Chapter XII on Grief

Grief- dancing with the limp

It gives me a measure of peace that the Hebrew word for God’s Glory, Kavod, is a word of weights and measures – a word with an inherent heaviness to it.  Grief is heavy.  It drags one down like a burlap bag of scrap metal over one’s shoulder – it weighs down, heavy, and sharp metal ends – jagged, rusty tear-stained bits poke through the burlap and then the shirt into one’s fleshy back. And there is then sticky blood with sticky sweat.  Grief is sticky too.

The circumstances of life to take people and things from us. It seems so unfair in the moment, but I remind myself in the reading of this chapter that the pain does subside over time and that things simply do not stay the same.  Would I like it if they did?  Really?  I say “yes” when in the moment of grief – “yes, I want things to stay the same! Yes!” but then when I look back over the arc of my life, I can see that the griefs appear on the time line like drops of blood, dark and crispy and even flakey.  But from a distance they are small, insignificant – so unlike how they felt in the moment.

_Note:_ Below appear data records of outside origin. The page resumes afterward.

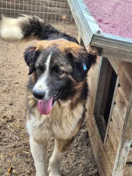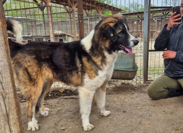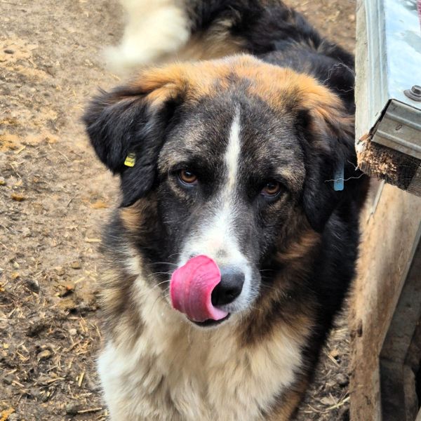 Während unseres Besuchs taute er immer weiter auf und blieb an unserer Seite. Anfassen konnten wir ihn nur an der Schnauze, aber wir sind zuversichtlich, dass der menschenbezogene Rüde in einer ruhigeren Umgebung sehr schnell auftauen könnte.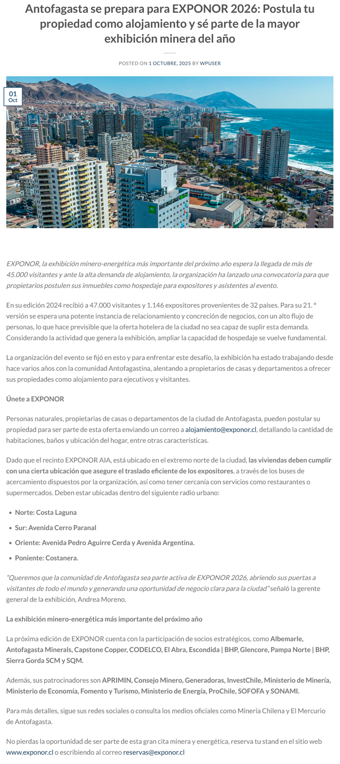 Antofagasta se prepara para EXPONOR 2026: Postula tu propiedad como alojamiento y sé parte de la mayor exhibición minera del año - (madero.cl)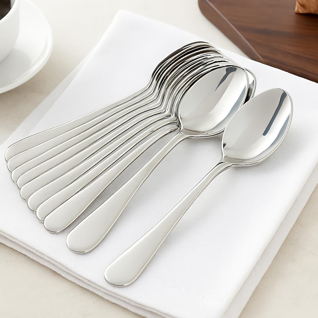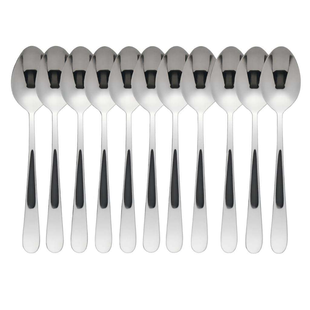 Standard Stainless Steel Dinner Spoons Set of 12 | 16 cm Table Spoons | Mirror Finish Cutlery | Durable Silver Spoons for Home, Hotel & Restaurant Use (Standard 12 Set Spoon)
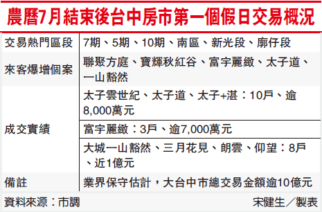 市調顯示,中部包括聯聚「方庭大廈」、寶輝「秋紅谷」、精銳「ACE特區」、富宇「麗致」、太子「云世紀」特A區、興富發「1號院」等桉,投資置產型來客或成交平均都成長五成至一倍。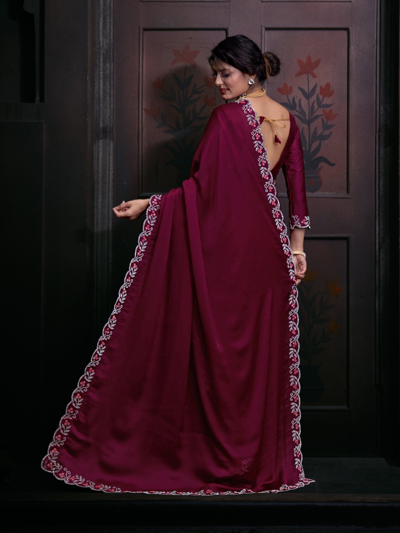 Women's Maroon Pure Chiffon Zircon Cutwork Saree - PR Fashion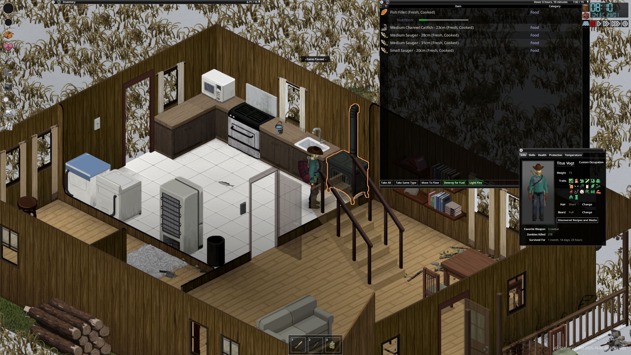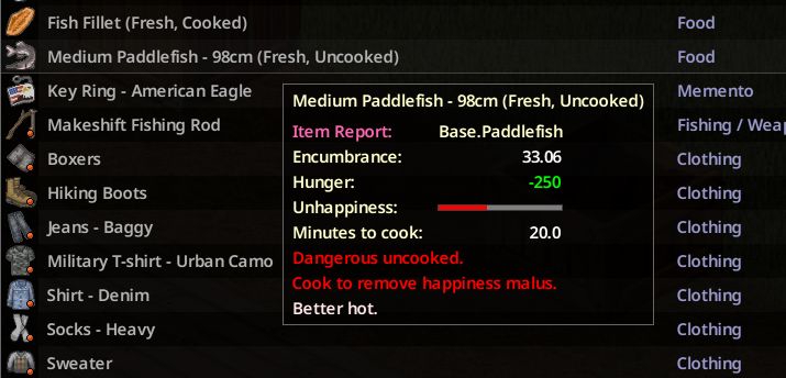 Все, нагриндил 4лвл Рыбалки и даже зимой на CD DA изредка начали ловиться средние рыбки, которые разделываются на филе, а не только мелкашка-жри-целиком. С филейкой можно и супец делать, что я и сделал, и за день отжирания получил заветную стрелочку веса вверх. А через неделю вообще наступит весна и Собирательством начну насекомых находить на наживку, так что жить можно и в лесу.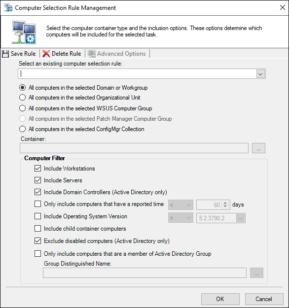 Click Select computers using rules in the Task Options Wizard to open the Computer Select Rule Management dialog box. Use this dialog box to select or define a computer selection rule to apply when the task runs.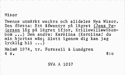 //// Wisor //// Twenne utmärkt wackra och alldeles Nya Wisor. Den första: Ett äfwentyr på lägret fJens Peder sen låg på lägret ifjor, Krillewillewibom-bom ...) Den andra: Karolina (Karolina.1 du min hjertas wän; Blott igenom dig kan jag lycklig bli ...) //// Malmö 1974, tr. Forssell & Lundgren 4 s. 8:0 //// SVA A 10 57 ////

I am not good at self-care, largely because my parents never taught it.  I am, as are so many, having to parent myself.  I am having tochach my inner 1-6 year old boy that I am ok.  I am having to parent my 9-11 year old that the world is safe to explore.  I am having to parent my inner teenager that some things need to be set aside. And I am needing my inner adult to host these conversations well – especially when I feel grief.  So let this chapter on grief remind me that I am my friend too and that I can now care for myself and can let my friends and family care for me when I am in grief.  Let me find the soft chairs, the warm wood fires and the oily, satin haunches of my dog Kai on which to lay my head in grief’s heaviness.

But let me also know that the heaviness of grief is heavy because of God’s glory.  When I grieve, God descends and though my eyes are slits and watery, there is glory all around me in the colors of sunsets.  And let me remember too that the colors of sunsets and those of sunrises are so often similar – such that the end of something might just be the beginning of something else. Can I let go of the one to take the other?

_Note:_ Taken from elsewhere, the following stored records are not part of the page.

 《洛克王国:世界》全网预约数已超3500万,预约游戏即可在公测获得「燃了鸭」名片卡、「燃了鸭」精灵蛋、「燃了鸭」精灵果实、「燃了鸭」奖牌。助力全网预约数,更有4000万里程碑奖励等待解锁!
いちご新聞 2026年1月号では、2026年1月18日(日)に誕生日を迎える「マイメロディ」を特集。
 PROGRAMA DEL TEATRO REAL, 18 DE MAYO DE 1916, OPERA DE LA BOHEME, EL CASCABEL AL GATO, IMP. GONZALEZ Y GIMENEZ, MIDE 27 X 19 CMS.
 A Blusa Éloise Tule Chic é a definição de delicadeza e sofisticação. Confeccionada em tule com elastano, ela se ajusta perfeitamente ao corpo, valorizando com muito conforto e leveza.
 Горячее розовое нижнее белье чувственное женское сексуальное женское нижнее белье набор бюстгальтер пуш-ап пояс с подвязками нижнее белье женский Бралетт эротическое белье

Nothing is certain.  Everything is changing.  Always.  And that change brings grief the way fire brings smoke.  So let me allow grief to knock at my door and let me even welcome it to the warm fire with a glass of port and some warm Blue Saga Cheese on a good, dark, stormy ginger snap and let us talk together, grief and me, about what is lost and what might be ‘round the next corner too.  Both.